◆ **Source records**
*** Begin section ***

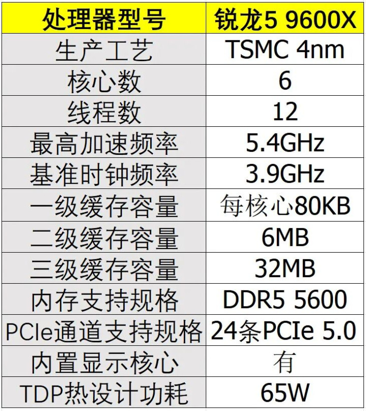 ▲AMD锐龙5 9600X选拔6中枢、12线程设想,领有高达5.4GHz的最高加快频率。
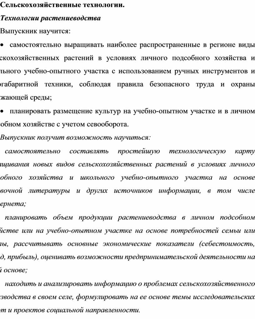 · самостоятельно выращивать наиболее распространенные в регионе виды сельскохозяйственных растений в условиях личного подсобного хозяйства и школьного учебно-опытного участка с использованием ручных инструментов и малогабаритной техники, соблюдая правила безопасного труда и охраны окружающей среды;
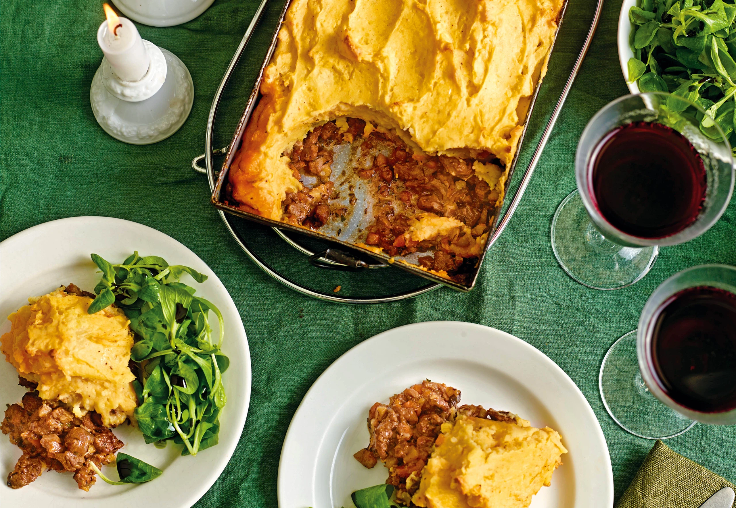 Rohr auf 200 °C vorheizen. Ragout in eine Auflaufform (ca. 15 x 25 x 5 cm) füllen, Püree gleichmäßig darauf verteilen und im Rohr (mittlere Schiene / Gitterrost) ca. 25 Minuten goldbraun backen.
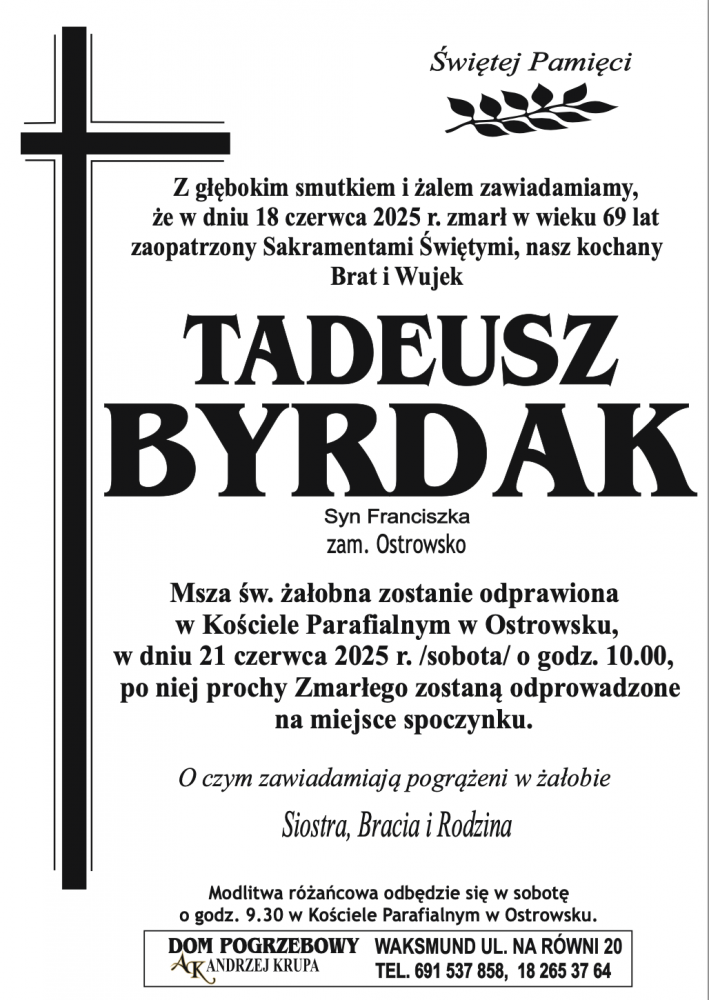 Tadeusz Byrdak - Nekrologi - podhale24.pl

*** End section ***
*** Begin section ***

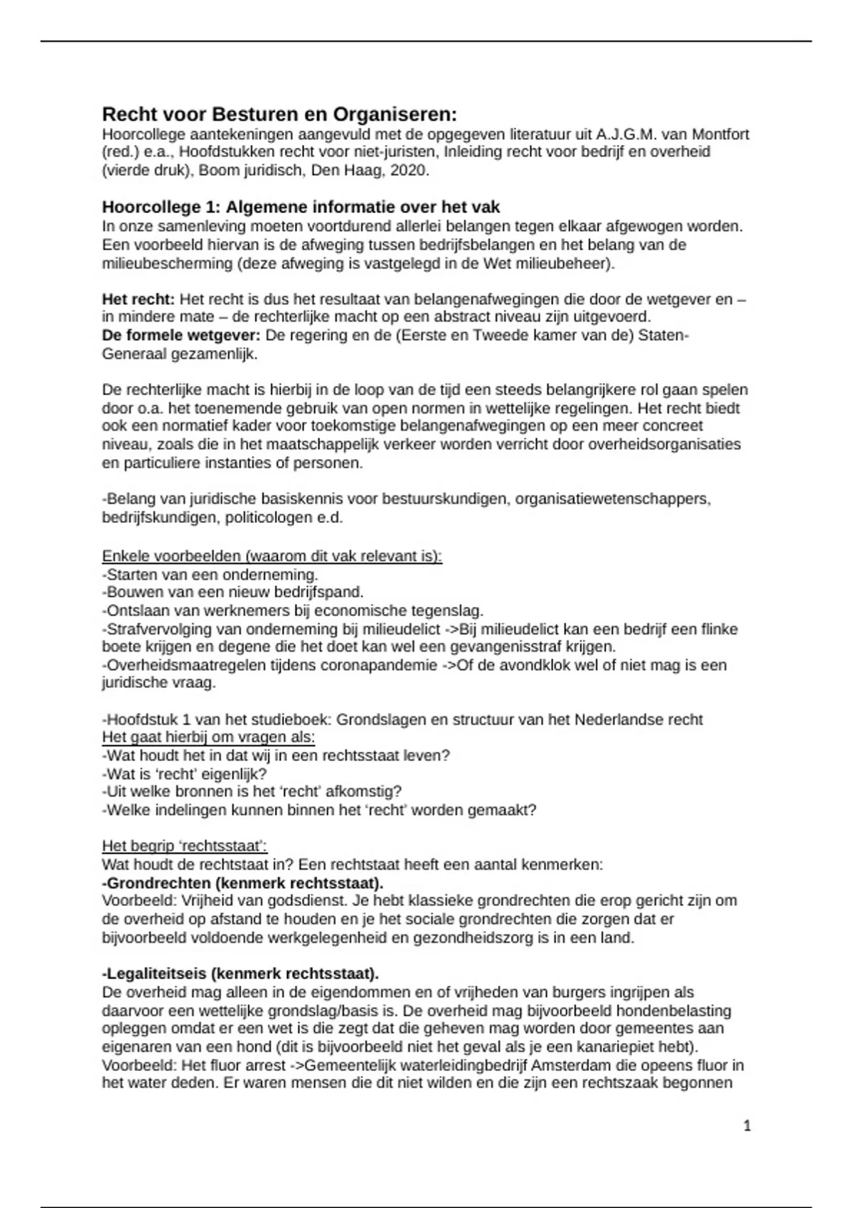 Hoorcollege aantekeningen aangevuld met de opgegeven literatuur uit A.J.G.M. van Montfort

*** End section ***

◆ **Exercise objective**
Exact repeat of the material above: every line from the one with "Rohr auf 200" through the one with "Tadeusz Byrdak - Nekrologi - podhale24.pl", endpoints included, and nothing more. No pictures.

◆ **Problem solution**
 Rohr auf 200 °C vorheizen. Ragout in eine Auflaufform (ca. 15 x 25 x 5 cm) füllen, Püree gleichmäßig darauf verteilen und im Rohr (mittlere Schiene / Gitterrost) ca. 25 Minuten goldbraun backen.
 Tadeusz Byrdak - Nekrologi - podhale24.pl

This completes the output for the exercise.